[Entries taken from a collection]

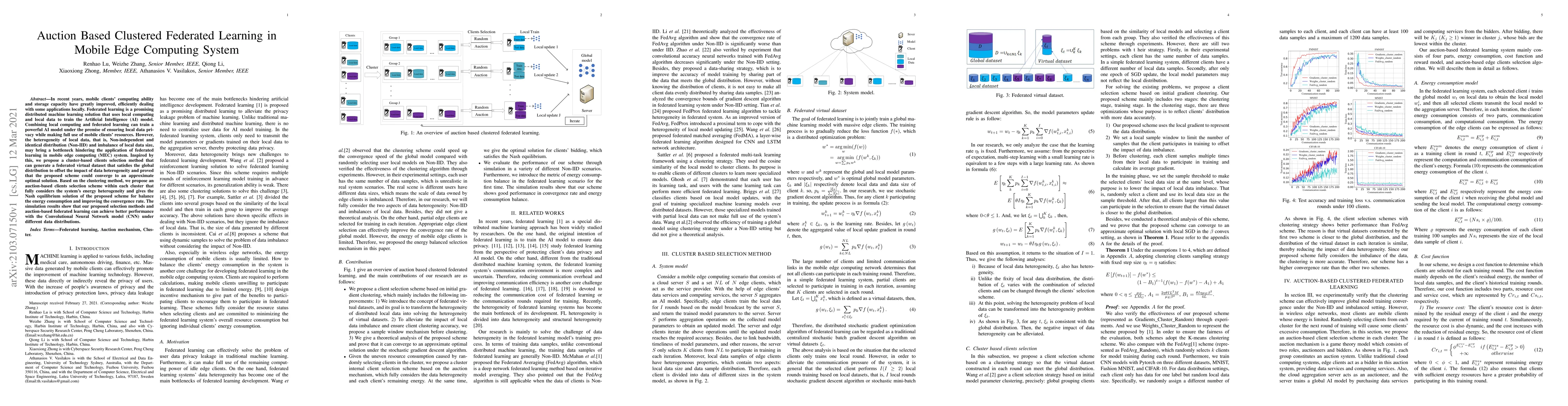 This paper proposes an auction-based clustered federated learning method for mobile edge computing to address data heterogeneity issues. It introduces a cluster-based client selection scheme to generate a federated virtual dataset that aligns with global distribution, followed by an auction-based selection within clusters to balance energy consumption and improve convergence rates, achieving better performance with CNN models.
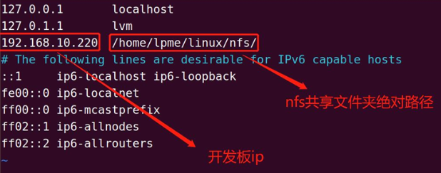 在/etc/exports 中设置/home/flx/linux/nfs为共享目录,
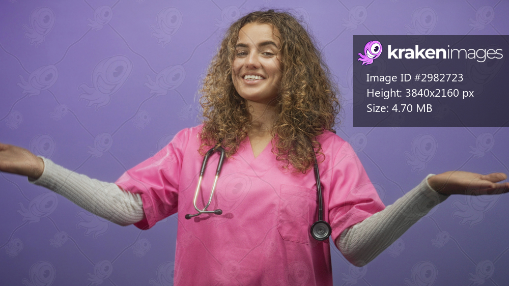 Woman doctor in pink scrubs with stethoscope, hands open and outstretched in studio; compassionate care welcoming.
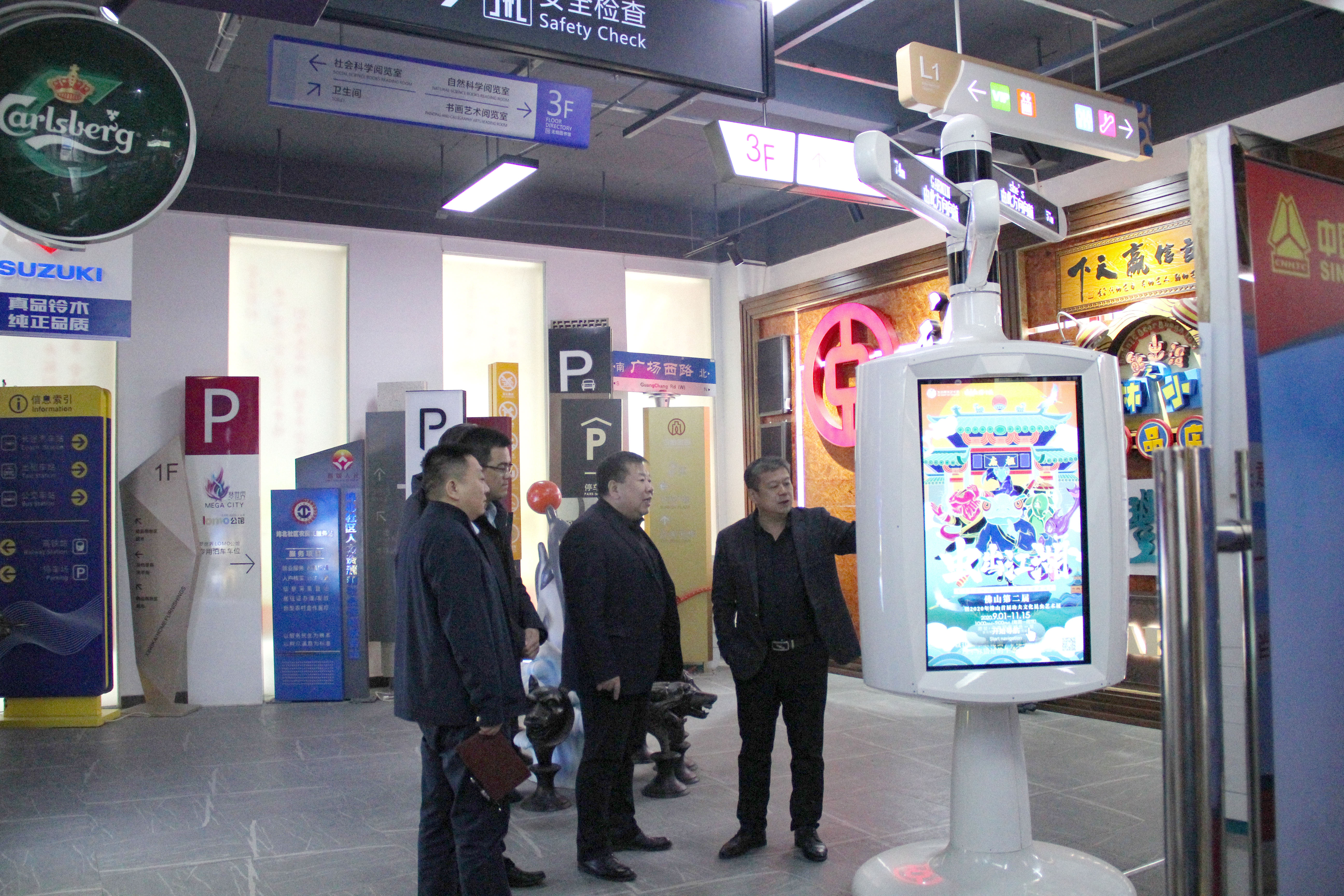 在标识实物展厅,王总向各位领导进一步介绍了不同种类、不同形式及不同行业的标识产品,并就公司“智能指路机器人”产品进行了详细介绍。
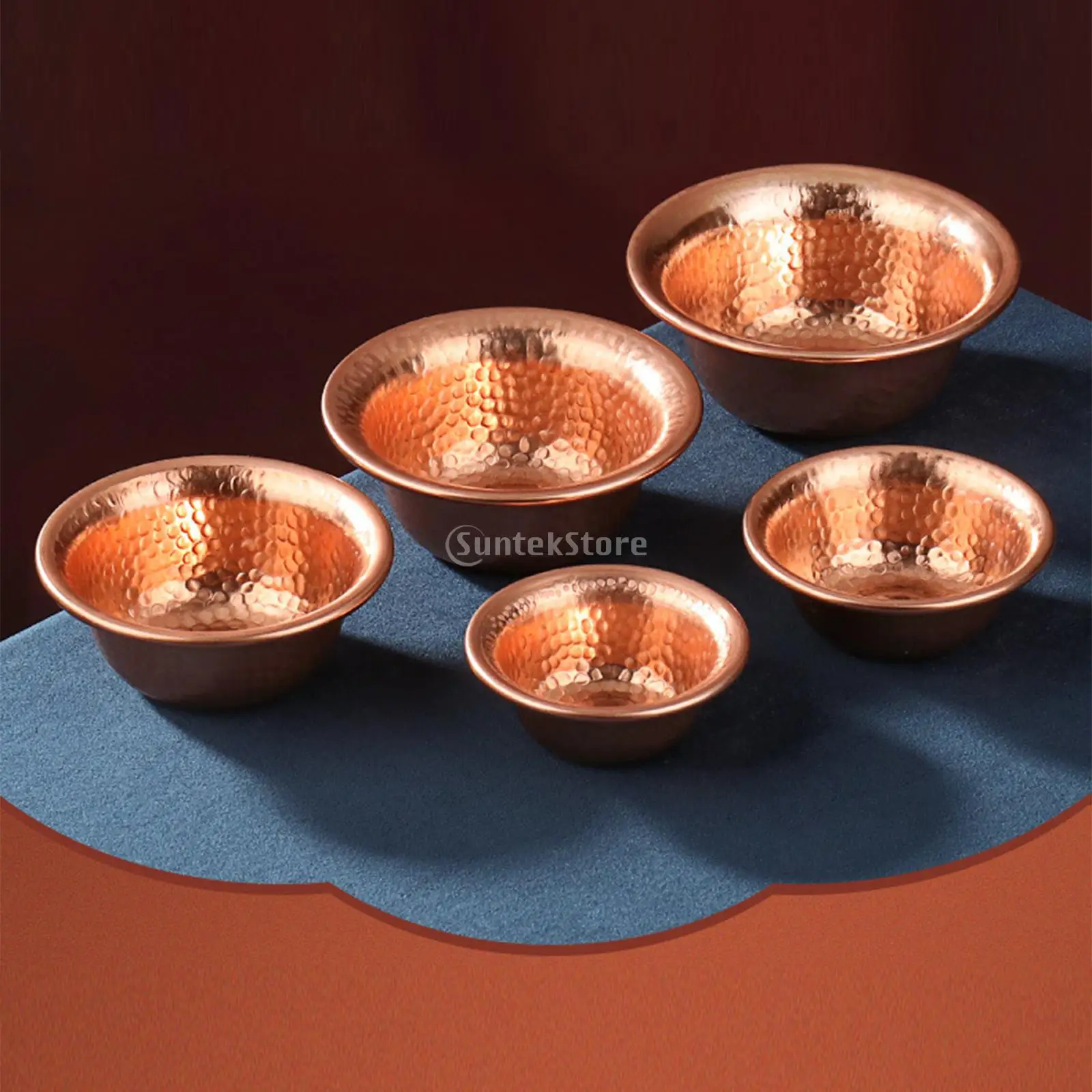 Small Copper Bowl Tabletop Decor Altar Supplies Pet Food Bowls Ornament for Meditation Rituals Sacrifices Home Kitchen Temple
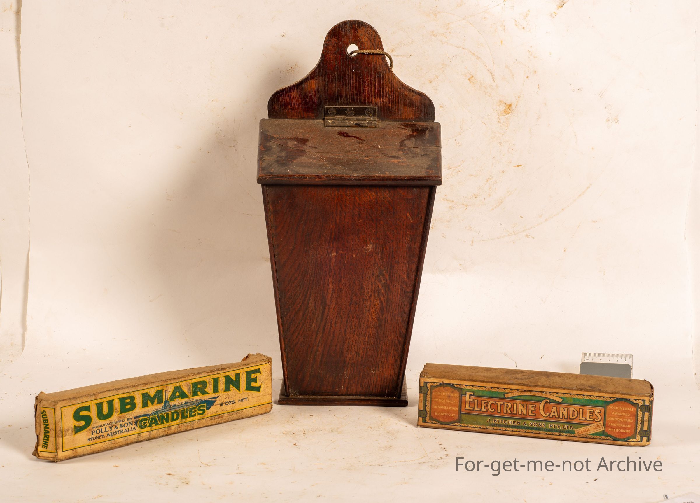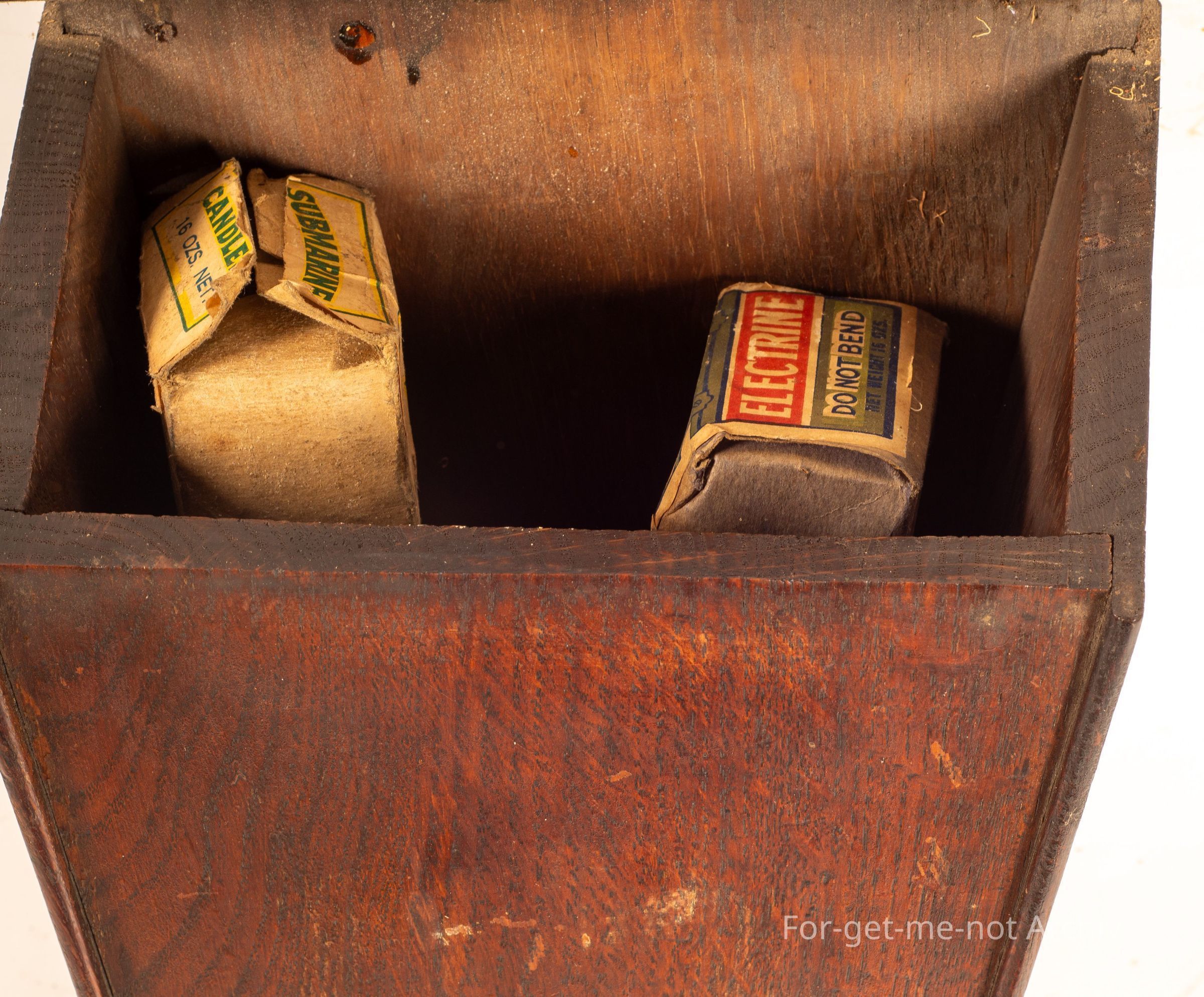 This is a beautiful tapered oak candle box. These were used or found in the more, affluent homesteads. Hard to find, this box has the hinge lid with 2 very early boxes of candles intact. These are far scarcer than the tin ones that we used in, more common use.Collection

=== WORK REQUIRED ===
Each line from the one containing "Small Copper Bowl" through the last line of the entries above is to be extracted exactly. Pictures are not part of the copy.

=== SOLUTION ===
 Small Copper Bowl Tabletop Decor Altar Supplies Pet Food Bowls Ornament for Meditation Rituals Sacrifices Home Kitchen Temple
 This is a beautiful tapered oak candle box. These were used or found in the more, affluent homesteads. Hard to find, this box has the hinge lid with 2 very early boxes of candles intact. These are far scarcer than the tin ones that we used in, more common use.Collection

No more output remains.